修行僧達のために食事を作る調理という仕事は、最も純粋な仏道修行とも言えるでしょう。 家庭に当てはめると「料理人である主婦は道心が備わった高潔な修行僧(高士)」です。

道心の無い典座の役職は‘結局(畢竟)無益’です。

「台所大事」という言葉は、もう死語なのでしょうか? いづれにせよ 「食あっての健康維持(成道の為に今此食を受く)を説いているようです。


2:典座の心構え
『禅苑清規』「現存最古の清規」では料理をする時は気を使って、 季節感あふれる食事を供するように言っています。

料理の腕前ではなく、生命維持の食を作る上での心構えです。ですから 家庭の料理人であっても、食事を作るには道心(気づきの心)を以て、 「時季」の食材を調達してくる事も肝腎でしょう。 『禅苑清規』を良く読みましょう。


3:典座の一日の仕事1
典座の一日の仕事が具体的に書かれています。 昼食後に、翌日の朝の粥と昼食の材料の調達をするのですが、調達できた食材は、 自分の眼の玉(眼睛)のように大切に取り扱うこと。と書かれています。

食材を、“自分の眼の玉のように大切に取り扱う”なんて、 考えてもみたことが無い人がほとんどでしょう。

そして「六つの管理職達」庫司知事で献立の相談をします。 決定したら住職の居室や修行僧達の寮の掲示板に掲示します。

★   都寺(つうす)・監寺(かんす)・副司(ふうす)
★   維那(いの)・典座(てんぞ)・直歳(しっすい)



4:典座の一日の仕事2「仕事の実際」
翌朝の粥の準備等で米を研ぎや野菜を調理するのには、 人まかせではなく自分自身で入念に行なうことです。

料理の心得としては、苦い・酸い・甘い・辛い・塩からい・淡いの六つの味が調和し、 「軽軟浄潔」軽く軟らかで浄[淨]らかでサッパリと「如法作」法[理]にかなって丁寧に 調理されている、という三徳が備わるように努めましょう。

理想的料理についての重要な記述がなされています。 と同時に「軽軟・淨潔・如法」の三徳と六味の整備は 典座教訓だけにとどまらず、生活全般に及ぶべき理念をも説いていると思われます。


5:典座の一日の仕事3「自ら手を下す」
自らの手で米を研ぐ時は一粒の米をも洗い流したりせずに配慮しましょう。 研ぎ汁は無駄に捨ててはいけません。

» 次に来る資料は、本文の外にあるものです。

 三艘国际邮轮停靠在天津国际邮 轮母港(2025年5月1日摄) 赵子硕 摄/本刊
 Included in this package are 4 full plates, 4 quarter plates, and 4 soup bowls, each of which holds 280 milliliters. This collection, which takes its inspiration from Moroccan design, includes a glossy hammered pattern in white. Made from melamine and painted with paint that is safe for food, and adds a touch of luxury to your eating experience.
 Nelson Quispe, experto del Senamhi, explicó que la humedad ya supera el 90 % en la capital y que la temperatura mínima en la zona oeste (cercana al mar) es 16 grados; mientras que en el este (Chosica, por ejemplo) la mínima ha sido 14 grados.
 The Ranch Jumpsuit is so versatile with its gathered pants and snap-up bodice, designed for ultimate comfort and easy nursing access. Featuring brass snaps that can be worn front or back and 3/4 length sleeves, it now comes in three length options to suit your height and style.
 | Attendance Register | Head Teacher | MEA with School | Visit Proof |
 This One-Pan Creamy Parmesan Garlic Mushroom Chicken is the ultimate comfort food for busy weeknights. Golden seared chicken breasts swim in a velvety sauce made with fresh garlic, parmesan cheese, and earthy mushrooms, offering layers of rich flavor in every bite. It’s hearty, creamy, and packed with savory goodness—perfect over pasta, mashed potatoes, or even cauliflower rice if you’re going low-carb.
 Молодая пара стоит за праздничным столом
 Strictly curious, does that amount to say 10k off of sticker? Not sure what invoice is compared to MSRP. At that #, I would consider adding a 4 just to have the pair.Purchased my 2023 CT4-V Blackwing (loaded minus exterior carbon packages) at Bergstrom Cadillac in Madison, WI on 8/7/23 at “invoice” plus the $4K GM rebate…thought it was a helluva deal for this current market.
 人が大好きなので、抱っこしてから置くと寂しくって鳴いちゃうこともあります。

【研ぎ汁は粥を煮るのに使ったり、 庭木や畑にまいたり、洗濯に利用したり出来ます】

一粒の米も、そして米の研ぎ汁も無駄にしないで活用するという心がけを、 現代の子供たちにどのようににして教え伝えたらよいのか、を 教える親も教育者も工夫をこらす必要があるでしょう。

という教育者も親も現代っ子ですよね。

「典座(主婦)が襷をかけて実際に竈の前で働くことこそ、道心である」 「食事を造る時、典座は当然ながら直接自ら照らし顧みて行なえば、 おのずとまじりけ無く清潔な食事が出来上がる」という記述は、 おそらく日本でも昭和20年代後半頃までは、ごく普通の家庭の台所でも 見かけられていたのではないかと思います。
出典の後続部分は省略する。